Number of hours between 11 and 2: 11 to 12 is 1, 12 to 2 is 2, total 3 hours. Between 7 and 10: 10 - 7 = 3 hours. So both have 3 hours, so the central angle is \( 3 \times 30^\circ = 90^\circ \). Arc length \( s = \frac{90^\circ}{360^\circ} \times 2\pi(6) = \frac{1}{4} \times 12\pi = 3\pi \) inches for both. So their lengths are the same. This is accurate.

Wait, let's recheck each statement:

1. Accurate.
2. Inaccurate.
3. Accurate (arc length ≈15.7).
4. Inaccurate (minor arc angle is 120°, not 150°).
5. Accurate (both 3 hours apart, same arc length).

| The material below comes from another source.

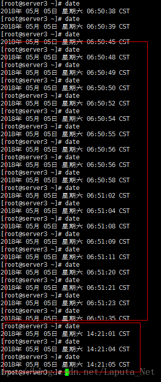 2) 如果服务器时间和上层服务器时间相差不大,ntpd服务器虽然不会停止工作,但是ntpd调整时间的原理是一点点的微调,可能需要同步多次,经历很长时间才能调整过来,如下图所示,中间经过了很长时间的调整,时间才同步过来。而ntpdate是一次性调整到位。基于以上原因,应该先使用ntpdate一次性调整到位,然后再让ntpd工作。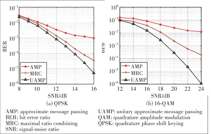 ... With the rectangular waveform and factional Doppler shifts, we compare the bit error ratio (BER) performance of the AMP, UAMP and MRC detectors in Fig. 6, where the number of paths and is used for the power delay profile. Both QPSK and 16-QAM are considered. Due to the deviation of the channel matrix from the i.i.d. (sub-) Gaussian matrix, AMP exhibits performance loss, leading to significantly worse performance compared with the UAMP detector. Thanks to the robustness of UAMP against a general matrix, UAMP performs well. We can see that the MRC detector performs better than the AMP detector. The UAMP detector performs the best and the gaps between other detectors with the UAMP detector become larger in the case of higher order modulation 16-QAM, compared with QPSK.

Wait, let's recheck statement 4: 1 to 9. The number of hours between 1 and 9: 9 - 1 = 8. The minor arc is the smaller angle, so 12 - 8 = 4? No, 8 hours is 240°, 4 hours is 120°, so minor arc is 120°, so the central angle is 120°, not 150°. So statement 4 is wrong.

Statement 3: 5 to 10: 5 hours, 150°, arc length \( \frac{150}{360} \times 12\pi = 5\pi ≈15.7 \), correct.

Statement 5: 11 to 2: 11 to 12 (1), 12 to 2 (2), total 3 hours. 7 to 10: 10 - 7 = 3 hours. So both 3 hours, same arc length. Correct.

So the accurate statements are:

- The central angle measure when one hand points at 2 and the other points at 4 is 60°.
- With one hand at 5 and the other at 10, the minor arc formed by the hands is about 15.7 in.
- The length of the minor arc between 11 and 2 is the same as the length of the minor arc between 7 and 10.

Wait, let's confirm statement 4 again. 1 to 9: the angle between 1 and 9. If we go clockwise from 1 to 9, it's 8 hours (8×30=240°), counterclockwise, it's 4 hours (4×30=120°). So the minor arc is 120°, so the central angle is 120°, not 150°. So statement 4 is incorrect.

So the correct statements are the first, third, and fifth.

Answer:

• The central angle measure when one hand points at 2 and the other points at 4 is 60°.
• With one hand at 5 and the other at 10, the minor arc formed by the hands is about 15.7 in.
• The length of the minor arc between 11 and 2 is the same as the length of the minor arc between 7 and 10.